My point here is that I believe that Tom has covered ground that was
first tilled by Tim O'Riordan, my professor years back at UEA, when
he proposed (see page 224 of this link; or for the full original 1981
framework, see
page 16 of this link) that world views towards the environment could
be classed along an axis from
Ecocentrism
(eloquently defended as a philosophical position by
Robyn Eckersley) to the opposing end of the scale,
Technocentrism.
This is a point I have not yet seen clearly made yet. Attitudes
to climate change right along the “alarmist warmist” to “denialist”
spectrum, clearly map fully onto the paradigms that O’Riordan defined
back in the 1980s. Yet I can see no reference to O’Riordan’s
framework in Tom’s work, a cross-over area of social science research
that could pay dividends in additional explanatory mileage, as to why the
gulf is quite so deep between one end of the climate change social
debate, and the other.
My BSc thesis back in
1983 was a description of the gulf in world-views between the activists
and thinkers of the
Chipko
‘tree-hugger’ movement active in the Uttarkhand Himalayas in the late
1970s. I showed how, right at the outset of what is now called ‘community
forestry’, O’Riordan’s analytical framework provided great explanatory
power for why conflict over forest resources in India arose due to
opposing world-views, as typified by the eco-activist
Sunderlal
Bahuguna on one extreme, and the Indian Forest Department, still
tainted then by colonial attitudes, that had led to progressive
encroachment by the State on the rights and privileges of the people to
forest resources. I was also able to show how tension between two streams
of the Chipko Movement (an ecological world-view, as opposed to an
eco-development model) mapped onto O’Riordan’s suggested division within
ecocentrism between ‘deep ecologists’ and ‘self-reliance
soft-technologists’.
Faced by threats, to rephrase Monbiot on Crompton's report, people DO NOT
make rational decisions by assessing facts. It is wrong to assume
that all that has to be done to persuade people is to lay out the data,
and they will then use it to decide which options best support their
interests, when a host of psychological experiments demonstrates that it
doesn't work like this.
Perhaps injecting further
psychological insight around
memetics and the
contagiousness of memes can add even more depth to analysis of
the impacts of the human species within planetary bounds. Avatar as a
film, showed dramatically and convincingly our species as a potential
invader of any resource-rich Pandora out there, ready for our rape.
See
Susan Blackmore’s TED podcast here, where she draws on her New
Scientist
argument
(
reproduced here) that ‘memes are the basis of cultural
evolution... what we are now seeing, in a vast technological explosion,
is the birth of a third evolutionary process. We are Earth's Pandoran
species, yet we are blissfully oblivious to what we have let out of the
box. This might sound apocalyptic, but it is how the world looks when we
realise that Darwin's principle of evolution by natural selection need
not apply just to biology.....’
As noted
here, Blackmore asserts that these new digital replicators are
driving the emergence of something entirely new... for now humanity and
this new entity exist in a symbiotic relationship, but that may not
always be the case: Billions of years ago, free-living bacteria are
thought to have become incorporated into living cells as energy-providing
mitochondria. Both sides benefited from the deal. Perhaps the same is
happening to us now. The growing web of machines we let loose needs us to
run the power stations, build the factories that make the computers, and
repair things when they go wrong - and will do for some time yet.
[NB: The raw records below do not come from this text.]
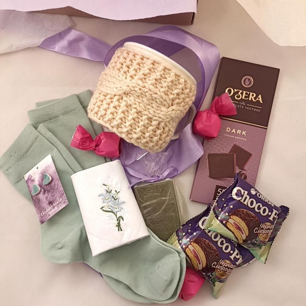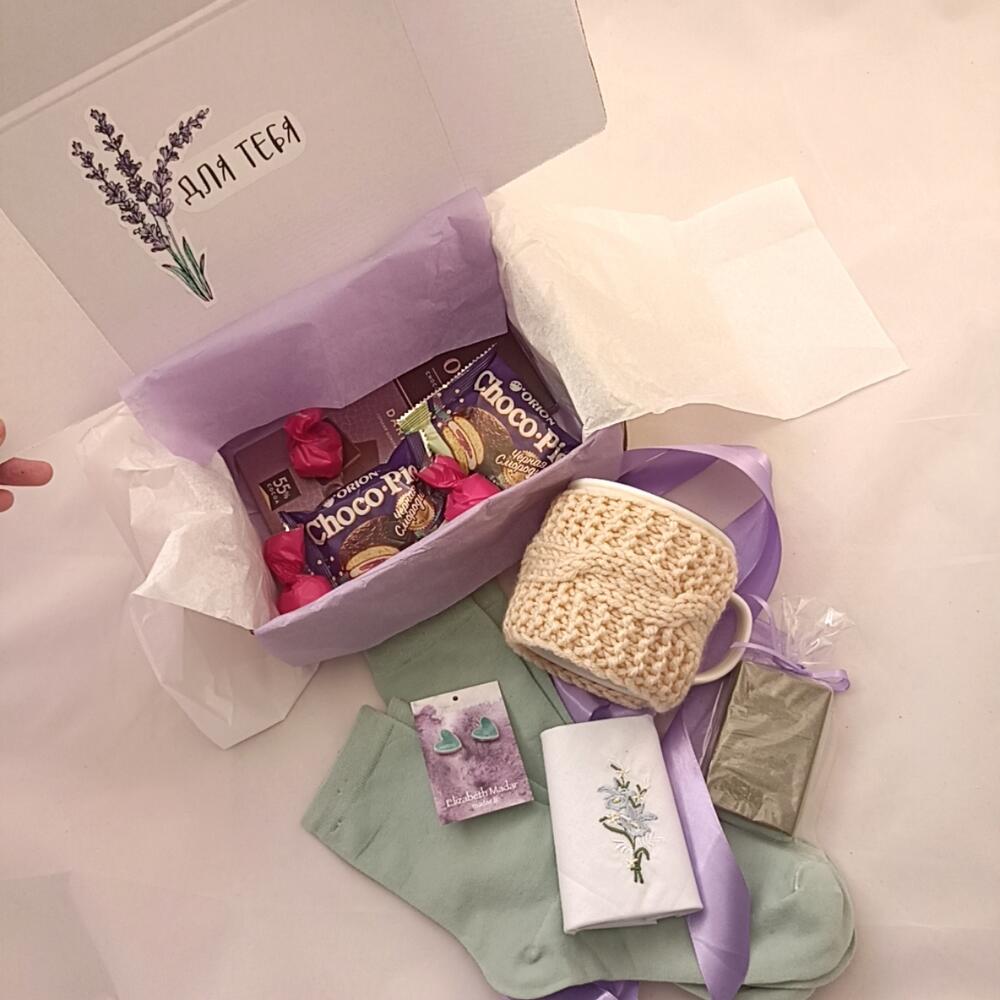 Оригинальный подарочный набор с тем, что может удивить и порадовать любимого человека ❤В подарочный бокс входит:- Керамическая кружка белого цвета (300мл) с вязаным вручную бежевым свитерком (снимается); уютная деталь не помешает чаепитию, верхняя часть кружки свободна)- Сережки-сердечки голубого цвета из специальной легкой глины, вес которой не ощущается при носке- Хлопковый платочек белого цвета с вышивкой цветов- Аирное мыло для ухода за проблемной кожей- Хлопковые носочки (2 пары)- Шоколадные конфеты (3 шт)- Темный (горький) шоколад с 55% какао в составе (1 шт)- Choco-Pie с черной смородиной (2шт)Набор упакован в подарочную упаковку лавандового цвета и крафтовую коробку с рисунком лаванды и надписью «Для тебя» внутри ❤Наши необычные подарки придутся по душе каждой дочке, жене, маме, бабушке, любимой девушке или коллеге. Также поможем удивить отцов, дедушек, сыновей или внуков. Ведь пол и роль не важны, зато бывает так важно подарить чуточку внимания и тепла) А у нас есть все, чтобы Вам с этим помочь ❤Вы можете изменить состав подарочного бокса: -добавить открытку в конверте или без, в которой мы напишем Ваше позд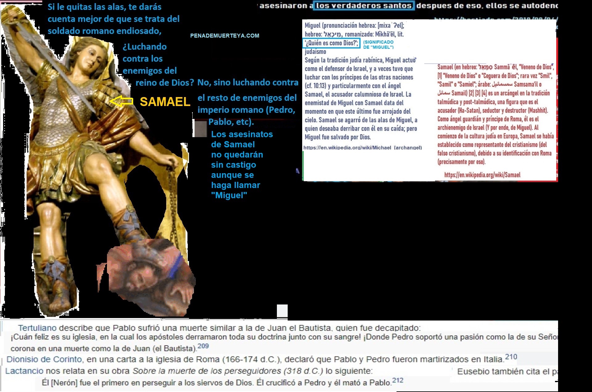 Miguel es el defensor de Israel (de las personas justas de Israel, según Salmos 118:1-20 y Daniel 12:1-3), mientras que Samael es el ángel de Roma, enemigo de Israel. Los romanos no solo cambiaron el nombre de su demonio para llamarlo Miguel, siguiendo su patrón de engaños, sino que también falsificaron muchos textos sagrados. Por eso abundan las contradicciones en la Biblia. Los evangelios apócrifos también contienen algunas de esas mentiras romanas, diseñadas para hacer creer que incluso lo prohibido validaba lo canonizado por Roma, aunque fuese falso por ser de su propia invención.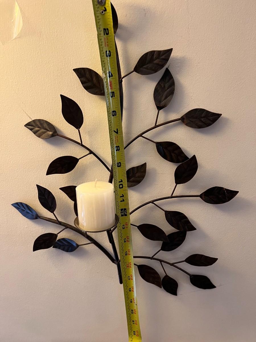 Set of Wall Hanging Metal Leaf Branch Candle Holders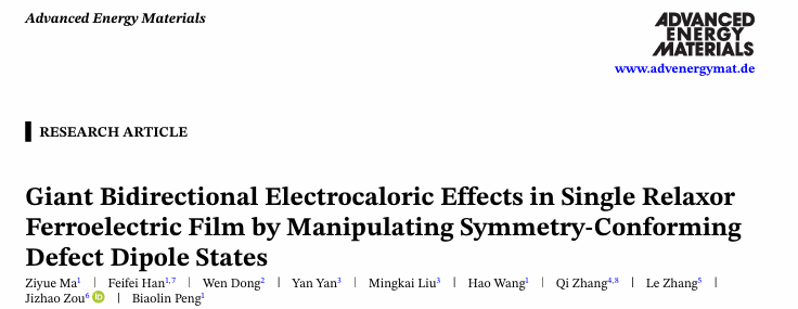 相关研究成果以“Giant Bidirectional Electrocaloric Effects in Single Relaxor Ferroelectric Film by Manipulating Symmetry-Conforming Defect Dipole States”为题,发表于材料领域顶级期刊《Advanced Energy Materials》 (2025年影响因子26.8)。h漫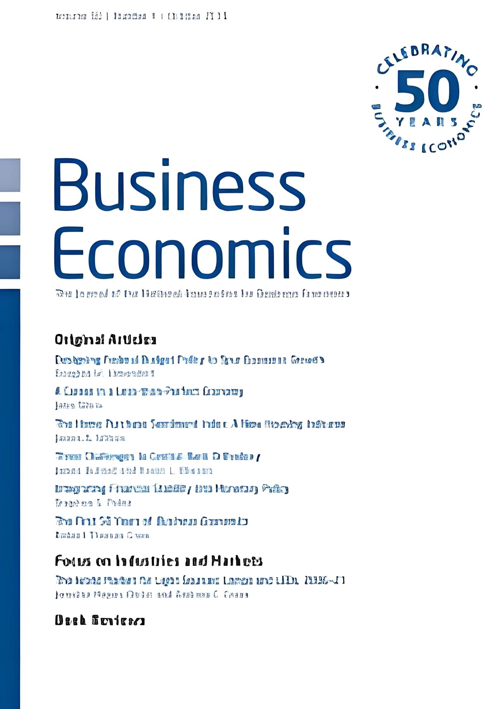 Business Economics is the official journal of the National Association for Business Economics (NABE).It features peer-reviewed articles written by academics, policy-makers, and professionals in commerce,offering practical insights on how economics is applied in business environments.The journal provides a lively forum for debate on critical business issues, showcasing best-practice models,tools, and techniques from industry experts. It also interprets current economic information in a usefuland educational manner for professionals.Regular feature sections include: Focus on Statistics, Focus on Industries and Markets,

In
return we get entertainment, tedious tasks done for us, facts at the
click of a mouse and as much communication as we can ask for. It's a deal
we are not likely to turn down. Yet this shift to a new replicator may be
a dangerous tipping point.
Our ancestors could have killed themselves off with their large brains
and dangerous memes, but they pulled through. This time the danger is to
the whole planet. Gadgets like phones and PCs are already using 15 per
cent of household power and rising; the web is using over 5 per cent of
the world's entire power and rising. We blame ourselves for climate
change and resource depletion, but perhaps we should blame this new
evolutionary process that is greedy, selfish and utterly blind to the
consequences of its own expansion. We at least have the advantage that we
can understand what is happening. That must be the first step towards
working out what, if anything, to do about it..... These are the
‘techno-memes’ or
‘
temes’ recently proposed by Blackmore, taking us and the planet over.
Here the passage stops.